Social media has offered an easy way for interaction between companies operating in the channel, as well as offering a way for channel firms to promote themselves to customers.
However research by the Channel Partnership has shown that very few channel companies have taken well to social media as a means of communicating with vendors – with only ten percent rating this as an effective means of communication.
53 percent however said that one to one meetings were one of the most effective means of communicating, rather than Facebook or Twitter.
According to Phil Brown, director of The Channel Partnership, vendors need to rethink social media channel communication strategies, or risk alienating reseller partners.
“Some of the feedback has been that taking away or cutting back on traditional methods and hoping that social media is going not to fill the gap, that is not always going to work for resellers.

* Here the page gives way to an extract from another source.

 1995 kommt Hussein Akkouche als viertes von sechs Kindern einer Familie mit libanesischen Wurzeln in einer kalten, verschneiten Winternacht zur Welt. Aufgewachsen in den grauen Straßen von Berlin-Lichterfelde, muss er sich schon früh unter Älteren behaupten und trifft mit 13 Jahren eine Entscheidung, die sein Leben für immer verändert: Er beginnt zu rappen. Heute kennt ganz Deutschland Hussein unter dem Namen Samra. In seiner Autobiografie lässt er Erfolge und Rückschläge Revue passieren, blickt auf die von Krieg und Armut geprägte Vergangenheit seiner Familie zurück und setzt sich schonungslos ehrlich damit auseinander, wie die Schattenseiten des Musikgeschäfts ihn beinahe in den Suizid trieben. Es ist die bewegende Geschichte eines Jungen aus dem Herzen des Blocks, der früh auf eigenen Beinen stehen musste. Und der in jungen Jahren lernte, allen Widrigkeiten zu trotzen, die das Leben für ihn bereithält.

“They are always going to want that structured, regular communication, the face to face meetings.
“The risk is lack of engagement, you are going to lose your audience.”
While social networking offers many benefits in terms of ease of communication, Brown says that many are still coming to terms with best practice.

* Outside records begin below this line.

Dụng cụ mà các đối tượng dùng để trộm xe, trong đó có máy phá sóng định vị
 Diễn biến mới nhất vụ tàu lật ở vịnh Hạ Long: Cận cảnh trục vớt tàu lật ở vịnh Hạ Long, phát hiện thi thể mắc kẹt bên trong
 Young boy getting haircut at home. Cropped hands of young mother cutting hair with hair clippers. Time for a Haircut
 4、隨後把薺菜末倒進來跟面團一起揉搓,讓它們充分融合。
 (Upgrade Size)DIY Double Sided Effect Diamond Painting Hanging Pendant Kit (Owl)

Dell has been one of the firms which received negative feedback from its channel over its use of social media, but it is far from the only one according to Brown.
“Most vendors are in trial and error mode, finding out where it does work and doesn’t”, he told ChannelBiz. “Inevitably this means that people are making mistakes.

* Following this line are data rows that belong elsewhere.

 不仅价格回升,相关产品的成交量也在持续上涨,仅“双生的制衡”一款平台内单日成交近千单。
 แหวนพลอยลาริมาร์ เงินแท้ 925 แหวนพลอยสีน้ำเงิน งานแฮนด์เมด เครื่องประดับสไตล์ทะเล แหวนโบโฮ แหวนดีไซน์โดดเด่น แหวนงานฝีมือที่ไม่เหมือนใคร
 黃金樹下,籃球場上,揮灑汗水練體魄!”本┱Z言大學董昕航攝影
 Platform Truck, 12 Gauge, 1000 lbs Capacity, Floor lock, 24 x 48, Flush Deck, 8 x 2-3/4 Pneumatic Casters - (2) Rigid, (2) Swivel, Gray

“I don’t think anybody would say they have the complete answer yet and have a solid social media plan in place and have integrated with the rest of what they are doing in the channel.
“My personal impression is that people are still trying things and seeing what will work. It will take another year before vendors work out where it does have a role and where they should be using the more traditional communications methods.
“We are going through a cycle, a new tool appears, which is what social media is,” he says.
“People are working out how to use it, at times there is a temptation to see it as a bit of a panacea. It is not. It has value but it is one of the tools vendors should be looking to use.”
Brown says that part of the reason for the increased use of social media is a desire to seem up to date and ahead of the curve with new tools. However it is also seen as a cost cutting tool.
This is not in itself a bad thing, however, by using social media in the wrong way to reduce investment in the channel could come back to bite vendors.
“If the main way of getting through to a vendor is on Twitter, that is putting a lot of onus on you as a sales person to filter through all the information and work out what is relevant.
“If vendors are over relying on this then vendors might not get the message across in the way that they want , and the channel will become disengaged.
“If the overriding driver is lets do this because we can cut out some costs, then vendors need to very careful because in the long run it is going to cost them a whole lot more, because they will lose the engagement of their partners.
“That’s not to say it can’t be used in a smart way, but it needs to be done very very carefully.”